Half a day after he arrived in Puerto Rico alongside Sen. Chris Murphy to survey the island’s recovery from Hurricane Maria, Sen. Richard Blumenthal said it was clear a lot of work remains to be done.
“The simple blunt fact is that there is a continuing humanitarian and economic crisis here,” Blumenthal said by phone from Puerto Rico Tuesday afternoon, the first day of a two-day trip. “The island is still in triage … in terms of electricity and transportation, triage is the operative word here.”
The senators visited the University of Puerto Rico Hospital in San Juan earlier Tuesday where they learned that many doctors and medical professionals are leaving Puerto Rico for positions elsewhere. Blumenthal said without robust funding to rebuild and repair infrastructure on the island, more professionals will leave, further devastating Puerto Rico’s economy.
“The business community has been sapped of customers, resources and investment,” he said. “It is in danger of becoming an economic wasteland.”
Blumenthal and Murphy have both been critical of the Trump administration’s response in Puerto Rico. More than 100 days after the storm, half the island remains without electricity.

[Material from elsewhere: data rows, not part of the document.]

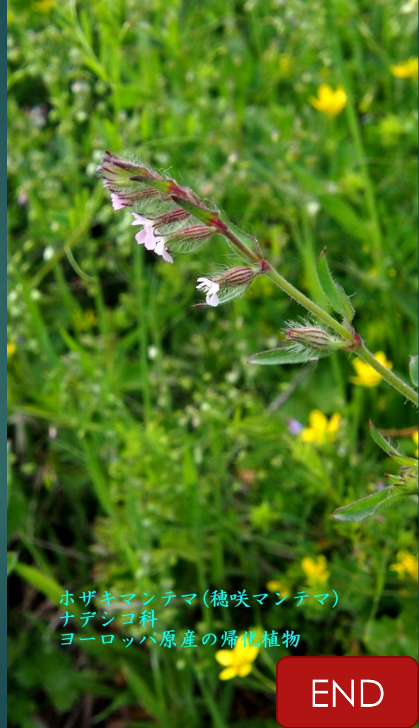
ホザキマンテマ(穂咲マンテマ) ナデシコ科 ヨーロッパ原産の帰化植物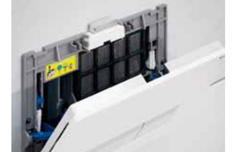
3e Uzavrite tlačidlo – hotovo!

Viac o inštalácii Geberit DuoFresh sa dozviete na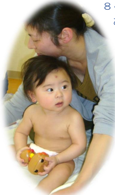
8ヶ月Rくん お座り大好き。遊びながら 楽しくマッサージ！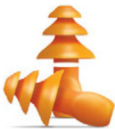
› 3M™ 1261

Wkładki przeciwhałasowe 3M™ serii 1200 wielokrotnego użytku są przeznaczone do umieszczania w przewodzie słuchowym w celu ograniczania narażenia na szkodliwy poziom hałasu do 25 dB.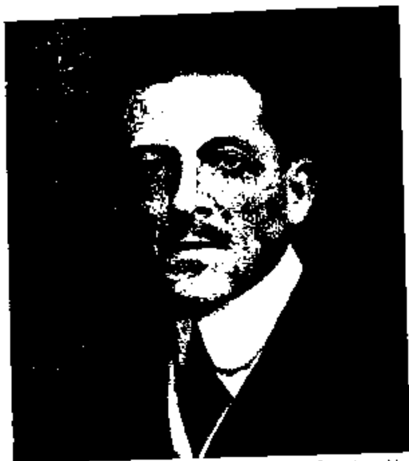
ماژور استوکس افسر هنگه هندوستانی و مامور نظامی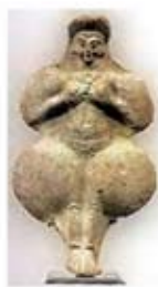
۳. اینانا - [۴۰]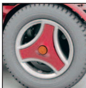
Delbare fælge i samme farve som chassis.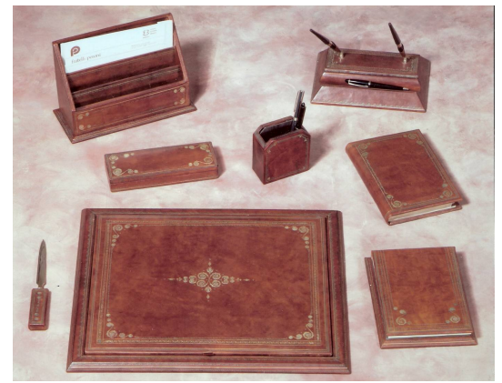
Set da scrivania – Desk set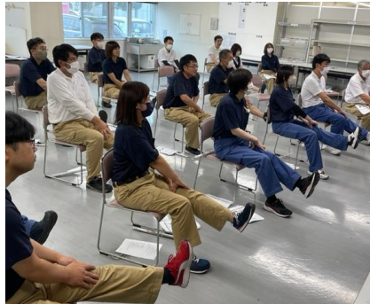
各種研修・セミナーには毎回多くの社員が参加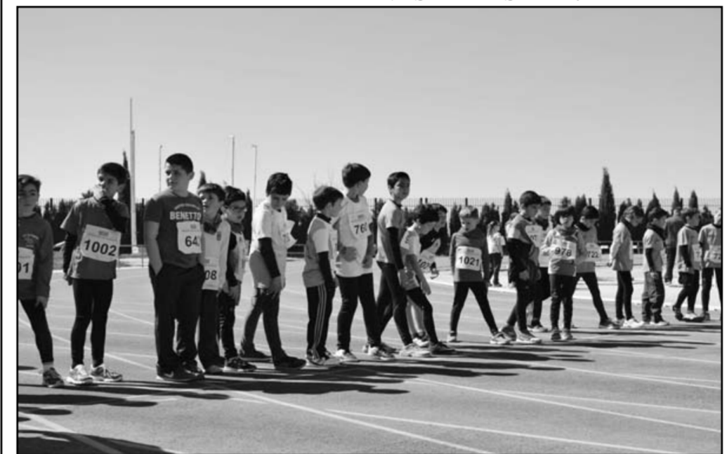
Atletas alevines en la segunda jornada de atletismo en Albacete

- 31 de Diciembre: SAN SILVESTRE YESTERA.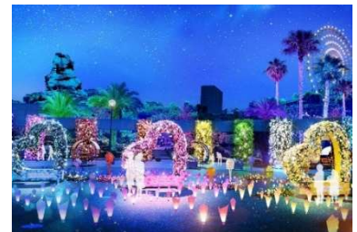
「押し活パーティー」イメージ

イルミネーションで装飾されたハートのベンチや写真撮影ができる小箱など、色とりどりのフォトスポットで、推しのカラーに包まれた写真が撮れる新エリア「押し活パーティー」がオープンします。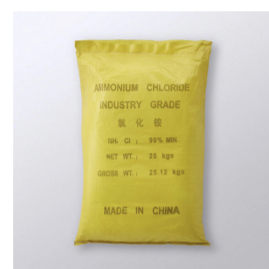
塩化アンモニウム 中国品DY-201

乾電池の製造、亜鉛メッキ、メッキ浴添加剤、鉄管接合用、染料、 鞣皮用、染色助剤、医薬品、樹脂硬化剤、食品添加用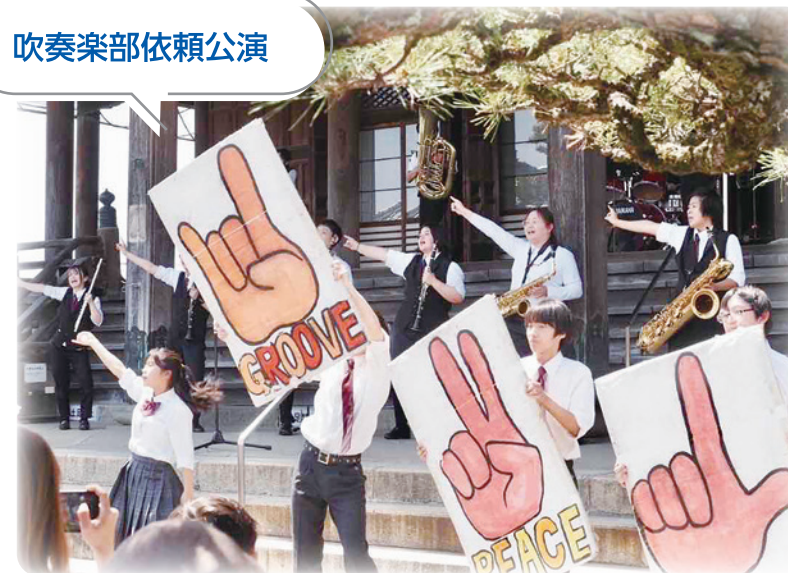
吹奏楽部依頼公演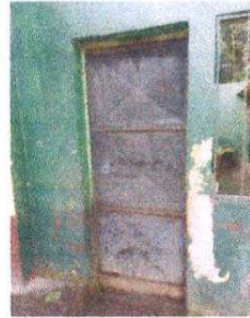
Foto 2: Sustitución de puerta de metal en sanitarios, aulas y cocina.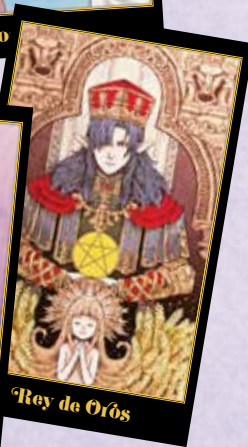
Rey de Orós

El palo de bastos está relacionado con las ideas, la creatividad, la inspiración, la ambición, la voluntad y la pasión. Se corresponde con el elemento fuego.

“This state of affairs would be unacceptable if it existed on the mainland United States,” said Murphy, who joined Blumenthal on a conference call with reporters. “We would not accept this ongoing disaster if it occurred on the mainland United States and we shouldn’t accept it here.”
Lawmakers in October approved a $36.5 billion disaster relief package that included aid for Puerto Rico bundled with help for Texas, Florida and other southern states battered by hurricanes, as well as money for wildfire recovery efforts in California.
But Murphy said after meeting Tuesday with representatives from FEMA and the Army Corps of Engineers he found out that none of that money has made it to Puerto Rico yet.
“The people of Puerto Rico are rightly furious at the very slow pace of recovery,” Murphy said. “The Trump administration needs to do better. … Resources are still a major issue.”
Blumenthal joined Sen. Bernie Sanders last month to announce legislation that would send $146 billion in federal funds to Puerto Rico to rebuild the island in a manner similar to the way the Marshall Plan helped Western Europe recover after World War II.
“What the federal government has done here has been sadly and shamefully inadequate,” he said. “The rebuilding of this island will simply not happen in the way it should without adequate resources.”
The House approved an additional $81 billion in disaster relief funds earlier this month, but it has been held up in the Senate amid Democratic objections.
After speaking with reporters, the senators planned to visit a neighborhood in San Juan that remains without electricity before having dinner with Puerto Rico’s governor and other officials.
The pair will have more meetings on Wednesday before returning to Washington.